::: EXERCISE MATERIALS :::
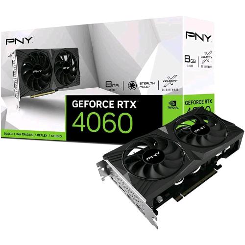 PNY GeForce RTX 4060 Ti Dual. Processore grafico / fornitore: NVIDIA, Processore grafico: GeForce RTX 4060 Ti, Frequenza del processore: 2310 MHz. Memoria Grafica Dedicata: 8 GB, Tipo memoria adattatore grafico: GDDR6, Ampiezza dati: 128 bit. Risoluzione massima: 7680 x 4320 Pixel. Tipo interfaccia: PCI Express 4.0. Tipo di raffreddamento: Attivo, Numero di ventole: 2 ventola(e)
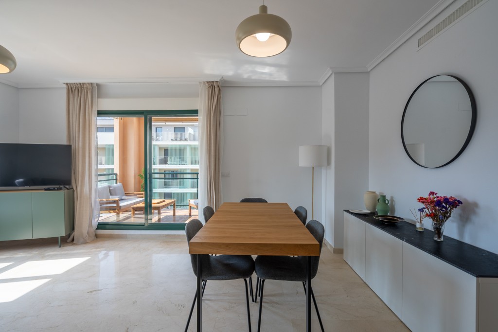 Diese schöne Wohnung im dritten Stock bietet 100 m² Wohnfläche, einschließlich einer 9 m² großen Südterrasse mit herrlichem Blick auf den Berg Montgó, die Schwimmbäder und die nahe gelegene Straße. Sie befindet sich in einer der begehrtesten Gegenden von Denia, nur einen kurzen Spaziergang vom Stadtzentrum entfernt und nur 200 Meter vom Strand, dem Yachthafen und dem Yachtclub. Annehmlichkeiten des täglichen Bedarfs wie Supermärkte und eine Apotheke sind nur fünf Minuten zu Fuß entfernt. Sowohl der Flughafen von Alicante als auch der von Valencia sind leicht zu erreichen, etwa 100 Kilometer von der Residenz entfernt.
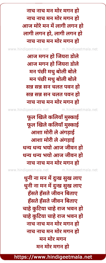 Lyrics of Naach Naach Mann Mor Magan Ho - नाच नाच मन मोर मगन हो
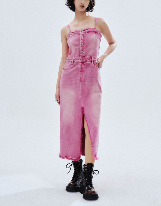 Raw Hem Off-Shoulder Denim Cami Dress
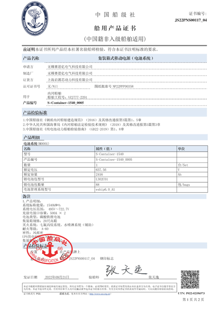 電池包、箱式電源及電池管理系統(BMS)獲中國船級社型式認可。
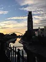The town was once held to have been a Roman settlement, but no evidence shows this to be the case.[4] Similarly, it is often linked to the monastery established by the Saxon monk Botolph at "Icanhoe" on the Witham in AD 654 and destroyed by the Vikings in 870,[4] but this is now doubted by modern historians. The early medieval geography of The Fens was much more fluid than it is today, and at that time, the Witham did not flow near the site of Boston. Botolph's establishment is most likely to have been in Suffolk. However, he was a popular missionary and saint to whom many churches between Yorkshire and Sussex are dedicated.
:::
= EXERCISE AIM =
Since the listing holds pictures, return everything else in it exactly and omit those.

= ANSWER SECTION =
 PNY GeForce RTX 4060 Ti Dual. Processore grafico / fornitore: NVIDIA, Processore grafico: GeForce RTX 4060 Ti, Frequenza del processore: 2310 MHz. Memoria Grafica Dedicata: 8 GB, Tipo memoria adattatore grafico: GDDR6, Ampiezza dati: 128 bit. Risoluzione massima: 7680 x 4320 Pixel. Tipo interfaccia: PCI Express 4.0. Tipo di raffreddamento: Attivo, Numero di ventole: 2 ventola(e)
 Diese schöne Wohnung im dritten Stock bietet 100 m² Wohnfläche, einschließlich einer 9 m² großen Südterrasse mit herrlichem Blick auf den Berg Montgó, die Schwimmbäder und die nahe gelegene Straße. Sie befindet sich in einer der begehrtesten Gegenden von Denia, nur einen kurzen Spaziergang vom Stadtzentrum entfernt und nur 200 Meter vom Strand, dem Yachthafen und dem Yachtclub. Annehmlichkeiten des täglichen Bedarfs wie Supermärkte und eine Apotheke sind nur fünf Minuten zu Fuß entfernt. Sowohl der Flughafen von Alicante als auch der von Valencia sind leicht zu erreichen, etwa 100 Kilometer von der Residenz entfernt.
 Lyrics of Naach Naach Mann Mor Magan Ho - नाच नाच मन मोर मगन हो
 Raw Hem Off-Shoulder Denim Cami Dress
 電池包、箱式電源及電池管理系統(BMS)獲中國船級社型式認可。
The town was once held to have been a Roman settlement, but no evidence shows this to be the case.[4] Similarly, it is often linked to the monastery established by the Saxon monk Botolph at "Icanhoe" on the Witham in AD 654 and destroyed by the Vikings in 870,[4] but this is now doubted by modern historians. The early medieval geography of The Fens was much more fluid than it is today, and at that time, the Witham did not flow near the site of Boston. Botolph's establishment is most likely to have been in Suffolk. However, he was a popular missionary and saint to whom many churches between Yorkshire and Sussex are dedicated.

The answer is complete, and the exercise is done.